The entire picture needs to be considered.
4 Likes
DCCT wasn’t concerned with the safety of lower HbA1c values; that was the ACCORD study, which was much later, well within the age of high tech diabetes devices, in 2008.
Obviously the issue is a balance, but my concern is that the enormous cost of strict glucose control in terms of the demands on the patient’s time, energy, vigilance, and worry is seldom taken into account in the uncritical praise of ever-lower blood sugar levels in many medical journal articles, and little weight is given to the tripling of severe hypoglycemia incidents under a strict control regimen or to the deaths from hypoglycemia that can occur. Even the disruption of a patient’s social and work life, or ability to hold a driver’s licence, is an important consideration to throw onto the scales against whatever physiological value there is in lower blood sugar levels, which in any case have to be discounted by the influence of genetics and continuing autoimmunity in causing or contributing to the etiology of the complications.
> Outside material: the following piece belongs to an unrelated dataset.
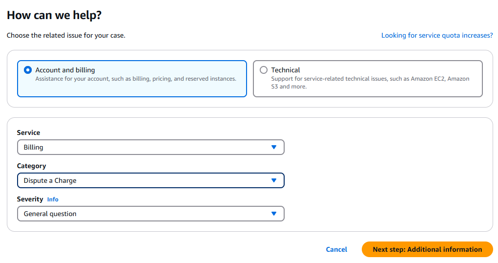 카테고리는 Dispute a Charge (청구에 대한 이의제기)로 지정한다.
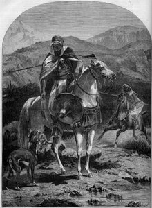 tier · leute · mann · mann · männer · reiten · mitfahrer · fußbekleidung · kerl · kostüm · korb · kleidung · aufladung · aufladungen · griechisch · kleid · griechenland · balkan · traditionelles kostüm · schlecht · armut · position · jahrhundert · rock · kleidung · esel · konzept · landarbeiter · landarbeiter · einfarbig · 19. jahrhundert · balkan · schwarzes u. weiß · schwarzes und weiß · nationales kostüm · 19.jahrhundert · engraving · unknown · robert · brown · robert brown · The Print Collector/Heritage Images |

Also, even good blood sugar levels are a gamble, since for some people, they fail to pay dividends. A friend of mine, for example, who always had better blood sugar control than I did, was blind and on dialysis at age 32, but not me. So while patients pay a heavy price for good blood sugar values, the investment may not bring any benefits. Additionally, if metabolic memory is operative in the patient, the very high blood sugar levels from years before may continue to generate new complications even though the patient has now achieved perfect blood sugar control. In my case, for example, since I had type 1 diabetes for 20 years before the first home glucometers became available, I had a long history of hyperglycemia, which has caused me now, many decades later, to have had to have four laser photocoagulation treatments for retinopathy even though my A1c has been in the four-range for the last decade. So what is the use of strict control in my case and for the many others in my situation? Perhaps it is no use at all?
It is really a fine line-drawing exercise. Would you accept a life of constant, severe hypoglycemia incidents undermining your job, your social life, and your legal right to drive a car in return for delaying the onset of end-stage renal failure by a year, from 17 years after onset to 18 years? The answer will depend on your priorities in life. Some healthy people choose to smoke, so they would rather live with the pleasure of cigarettes and the risk of cancer, heart disease, and early death. Diabetics have the same variation in approaches to life, so perhaps some people would rather avoid hypoglycemia and a regimented life entirely and take their risks, while others would not. Answering the question of how you want to calibrate complication risks against lifestyle values is highly individual.